On the G8 and the post-millennium development goals, we will use our influence with the international system to deliver our global commitments. As part of our G8 presidency, we will be reporting on progress against existing commitments and holding members to account. There is definitely a view that we need to finish the job. As exciting as it is to think about post-2015 MDGs, there is still much work to be done on the goals we are in the middle of right now.
Several Members raised the issue of the Why Stop Now? UK blueprint, which is where we slightly part company. Our review of progress on the UK’s position paper will happen in the early part of next year, and it is there that we will make our next decisions based on evidence. We think that just spending a lot of our resources to create another blueprint will be just that—using a lot of our resources—when we basically know what we need to do. We want to get on with working with international partners on implementation, rather than having to stop and bring all our resources back to create another plan. We want to work with stakeholders to ensure a robust and accountable analysis of DFID’s HIV results. We are still discussing the time frame because our review of our position paper needs to align with a number of other international processes. I am aware of the call for a blueprint, but I do not think it is necessarily the way we want to go. I apologise if that disappoints anyone. Indeed, I see the AIDS Consortium sitting in the Public Gallery, and I think I have shown my commitment. My first speech as a Minister was an address to the annual general meeting of the AIDS Consortium, which I have since met to discuss all the issues.
I must be quick, but a number of Members raised the issue of the relationship between HIV and tuberculosis. My right hon. Friend the Member for Arundel and South Downs (Nick Herbert), whom I used to work with at the Home Office, specifically raised that issue.
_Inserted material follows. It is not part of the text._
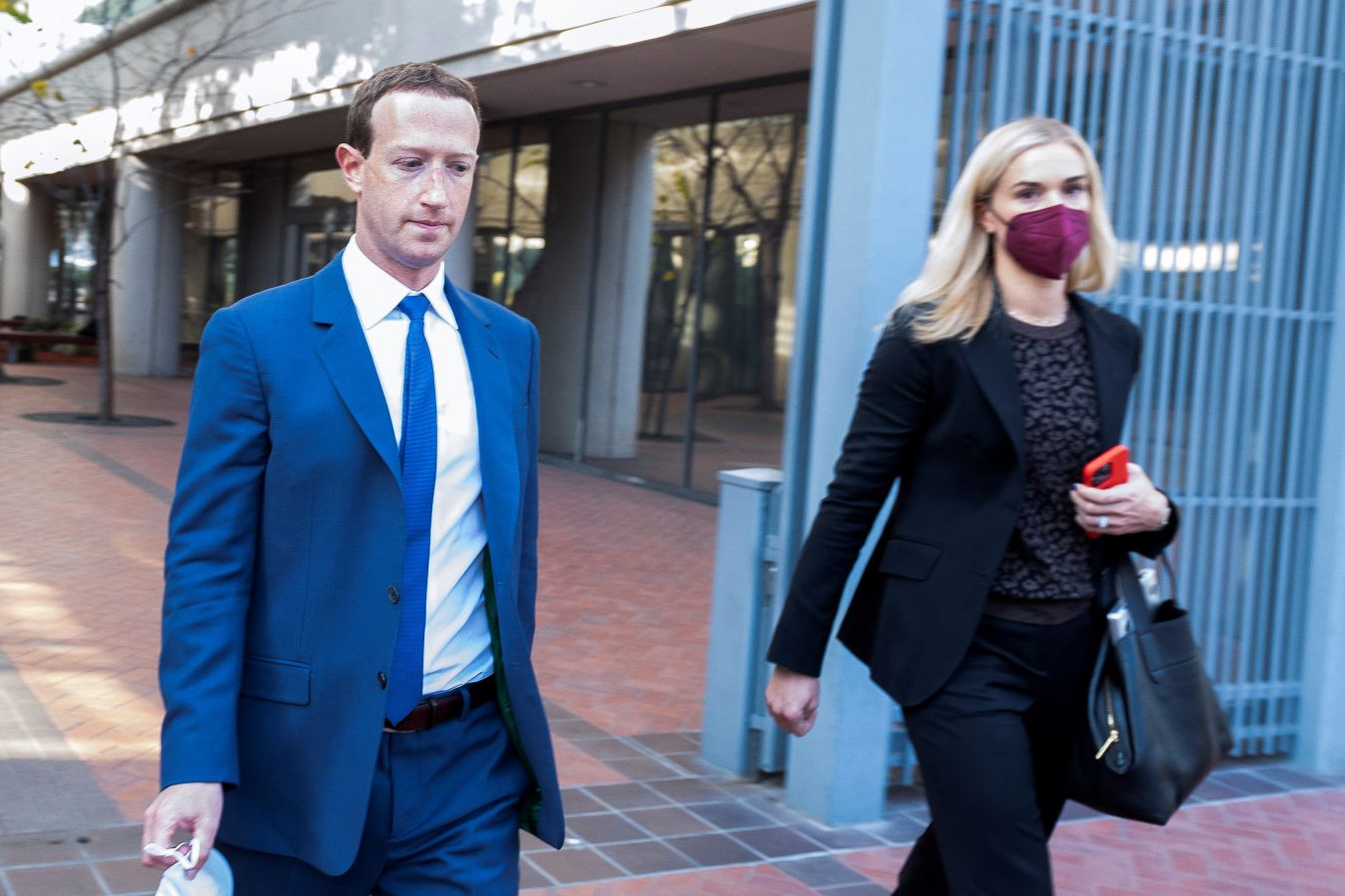 ومثُل زوكربيرغ مرتديا حلة زرقاء وكمامة بيضاء ونظارة أمام المحكمة الاتحادية في سان هوزيه بولاية كاليفورنيا للدفاع عن استحواذ ميتا على مطورة تطبيقات الواقع الافتراضي (ويذين).

TB is the leading cause of death for people living with HIV. DFID supports leadership among countries on integrated responses rooted in knowledge of local epidemics, with donor support harmonised in line with national plans to deliver quality integrated HIV, TB and reproductive health services, which was a call across the Chamber.
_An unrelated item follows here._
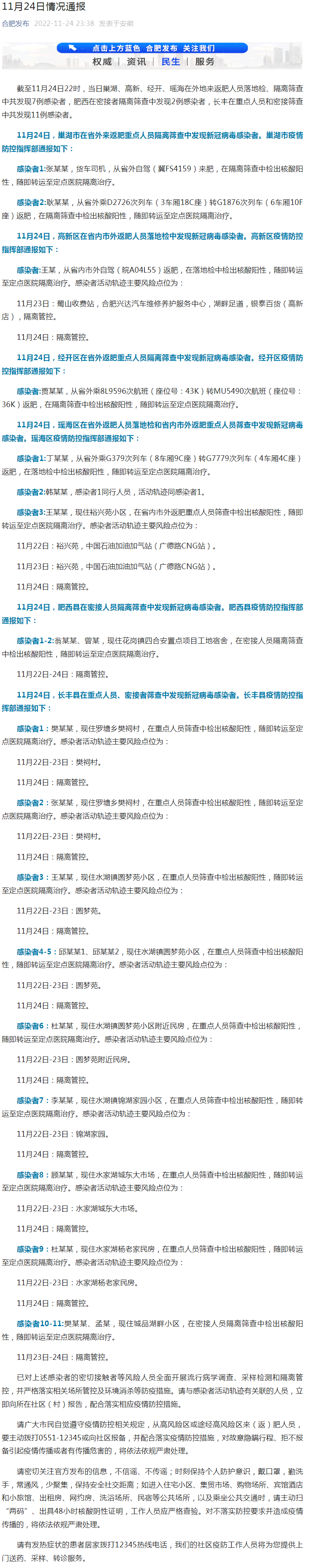 截至11月24日22时,当日巢湖、高新、经开、瑶海在外地来返肥人员落地检、隔离筛查中共发现7例感染者,肥西在密接者隔离筛查中发现2例感染者,长丰在重点人员和密接筛查中共发现11例感染者。

I acknowledge the two issues raised by my right hon. Friend on the TB REACH programme and on vaccination, both of which I will consider further. At the moment, DFID’s support for TB research includes £205 million to the Global Alliance for TB Drug Development and £14 million to the tropical disease research programme.
The hon. Member for Strangford (Jim Shannon) mentioned how condom use and circumcision have helped HIV prevention work in Swaziland and the rest of the world. I thank him for highlighting the challenges in Swaziland, and DFID agrees that a combination prevention approach, including condoms, male circumcision and education, is essential to an effective response.
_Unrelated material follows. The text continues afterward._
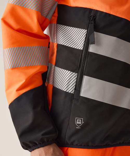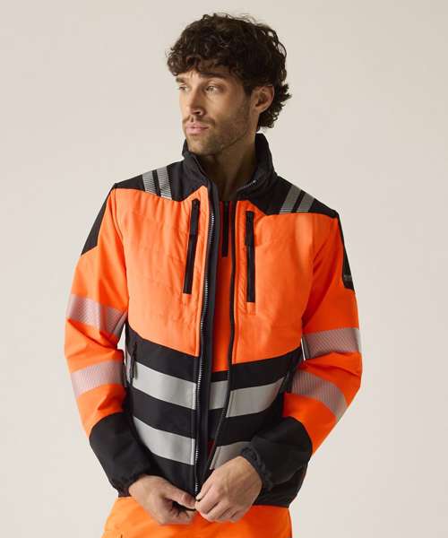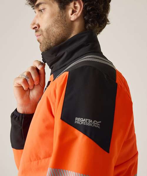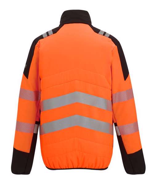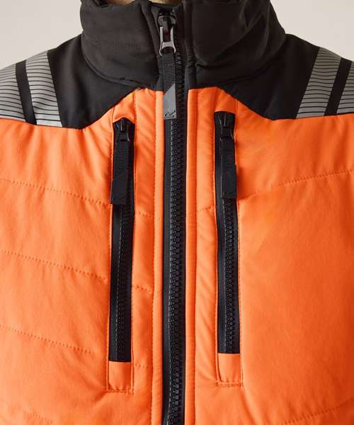 Lightweight four-way stretch fabric with durable water-repellent finish. Mechanical stretch softshell on sleeves and side panels for improved fit and freedom of movement. Warmloft Insulation on chest and back. Certified to EN ISO 20471:2013 A1:2016 Class 2. Orange colourway also certified to RIS-3279-TOM. Heat-applied reflective tape with segmented tape on strategic panels for additional comfort. Two zipped lower pockets and two zipped chest pockets. One internal zipped chest pocket and one lower mesh pocket. Centre front zip with inner chin guard. ID reflection – angled chevrons indicate which way the wearer is facing: towards or away.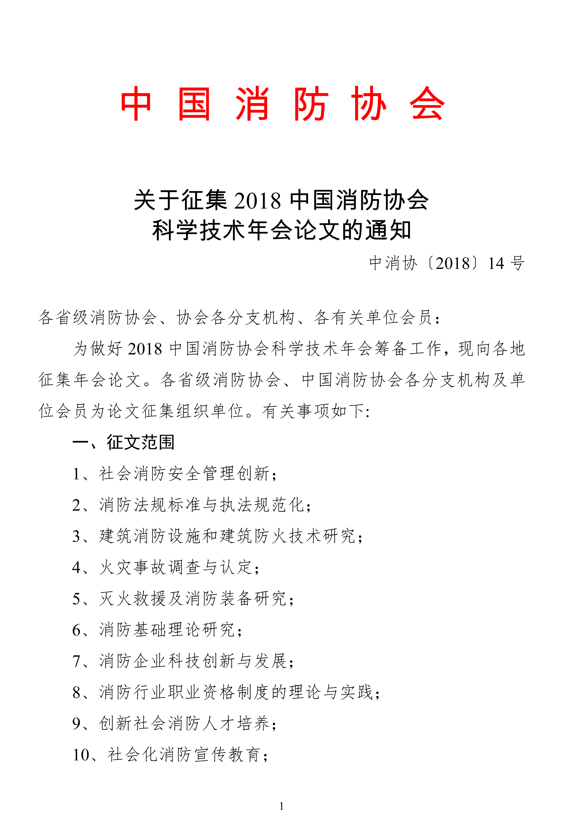 現(xiàn)將中國(guó)消防協(xié)會(huì)《關(guān)于征集2018中國(guó)消防協(xié)會(huì)科學(xué)技術(shù)年會(huì)論文的通知》轉(zhuǎn)發(fā)你們,望各單位根據(jù)要求,結(jié)合工作實(shí)際,于2018年4月20日前將本單位的論文電子版及“2018中國(guó)消防協(xié)會(huì)科學(xué)技術(shù)年會(huì)論文征集匯總表”(用Excel格式填寫),發(fā)送至陜西省消防協(xié)會(huì)科普教育工作委員會(huì)郵箱,并電話告知。

I also mentioned how pharmaceutical companies in India are able to produce the same anti-HIV drugs more cheaply than companies in America. Without promoting any company over any other, does the Minister agree that, if cheap medication is available in India that is every bit as effective as other medication, we should be sourcing medication from India, given our DFID contribution to countries across the world?
I thank the hon. Gentleman. We have heard the point that he has made so well.
I thank all hon. Members who have spoken, particularly my hon. Friend the Member for Mid Derbyshire, who secured this important debate. It is heartening to see so many Members who genuinely hold HIV as a priority and will pursue the wonderful goal of zero infections.